One of the bright spots in Richard Gadd’s darkly testosterone-filled new HBO and BBC drama Half Man is Julie Cullen, who plays Joanna, a uni pal of the main characters who appears in a crucial set of flashback episodes. Gadd’s follow-up to Baby Reindeer is already one of the most talked about shows of the year and Cullen is delighted and bewildered at being in the eye of the storm. “I’m just back from the premieres in New York and London and it feels like being in a whirlwind,” she says.

The Glasgow actress who now lives in London says being sent the scripts was an electric moment, since she was a big Baby Reindeer fan: “I was in my flat by myself and watched the whole thing thinking, ‘Oh my days, this is mental.’” She later found out from Gadd that when that show was first aired on Netflix he watched it on different devices at the same time, “To get the views up. He definitely didn’t need to do that, it went viral.”

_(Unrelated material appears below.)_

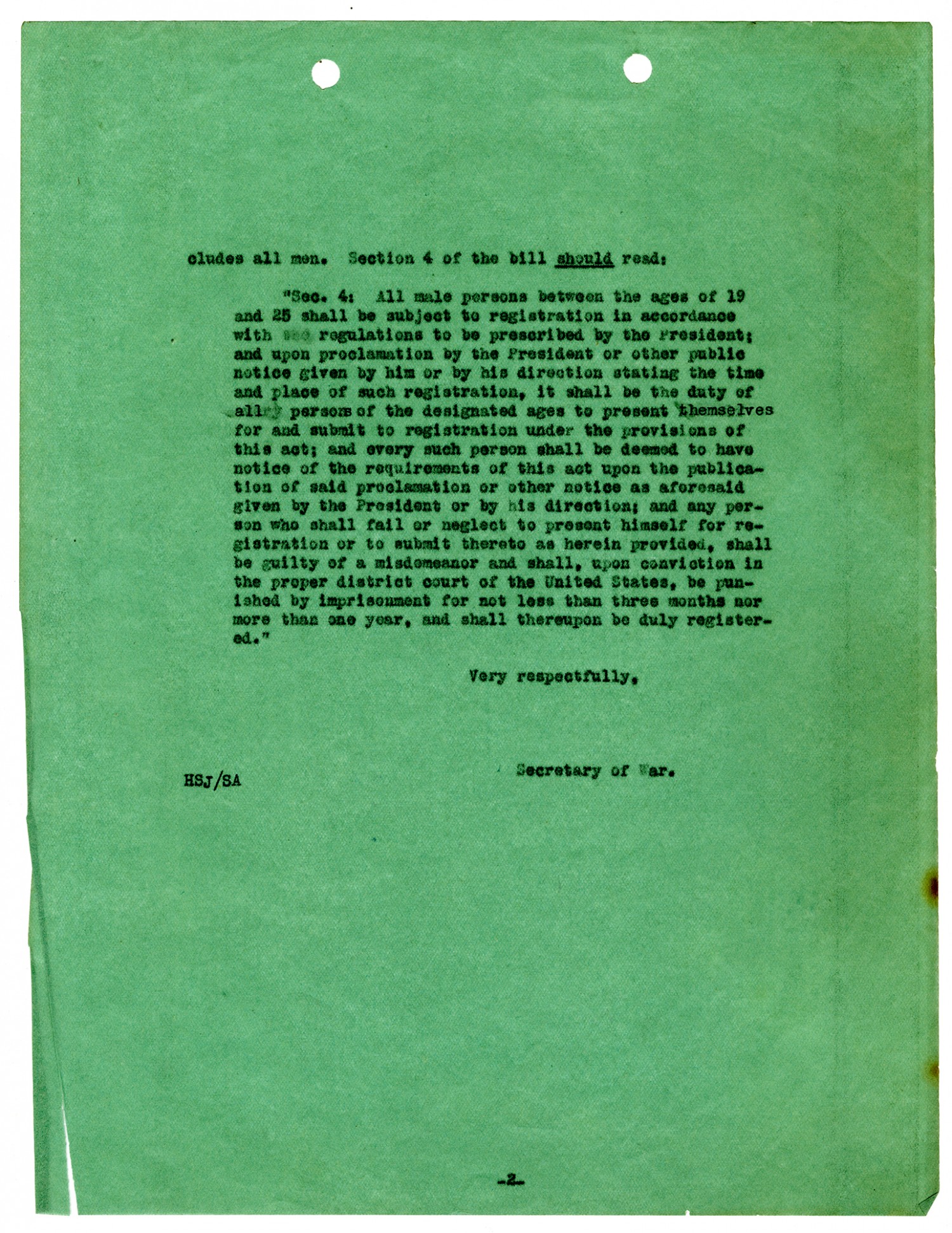 | Description | Letter to the Honorable S. Hubert Dent Jr. from the Secretary of War concerning section 4 of the bill that allowed the President to increase temporarily the military establishment of the United States. Section 4 of this bill addressed the recruitment of men to serve in the military. The Secretary of War suggested that all young men between the ages of 19 and 25 be liable for registration. This provided a better estimate of how many soldiers the United States could raise. This letter is part of a collection compiled by Enoch Herbert Crowder, the Edinburg, Grundy County, Missouri native who served as Judge Advocate General. Crowder devised the Selective Service Act in 1917 which drafted America's forces during World War I. |

Half Man is a very different beast to Gadd’s breakthrough. Cullen describes it as, “A story of two stepbrothers through three decades of their lives. It follows their difficult relationship through highs and lows. And they meet a lot of different characters along the way, one of which is Joanna, who Niall [Gadd’s character, but played by Mitchell Robertson in the younger guise] meets in uni. She’s a bundle of energy and very naïve. But she has a stronger moral compass, and that leads into Niall making some decisions throughout the show, that are better decisions because of her.”

Mitchell Robinson and Julie Cullen in Half Man (BBC/Mam Tor Productions/Anne Binckebanck)

She says despite the darkness of the show, “It’s about how we’re quick to judge and not really understand an underlying reason as to why someone might be acting a certain way. What would be a nice takeaway for people is to be kinder in this very intense world.”

I have a mood board at home and I put HBO on there, and it happened. I like to manifest!

Julie Cullen

Her family is not in the performing arts; her dad “does fuel drains for cars and my mum’s a receptionist at a SEND school, but she was into am-dram and took me to rehearsals when she was doing Sweeney Todd, so I had a taste of singing onstage at seven years old.”

The musical theatre bug bit, and brilliantly her first professional job was “in panto opposite The Krankies, with Michelle McManus and David Hasselhoff playing Wendy and Peter Pan.” She eventually trained in Glasgow before moving to London at 21.

After finding herself amid the Rada crowd and dealing with a lot of imposter syndrome, a stint on Costa Cruises refreshed her perspective and she returned, “to go down the film and TV avenue… I have a mood board at home and I put HBO on there, and it happened. I like to manifest!”

And while she acknowledges the “volatile” nature of her industry she is ready to grab, or manifest, a Half Man-propelled future. “This is the best opportunity that I’ve ever been given.”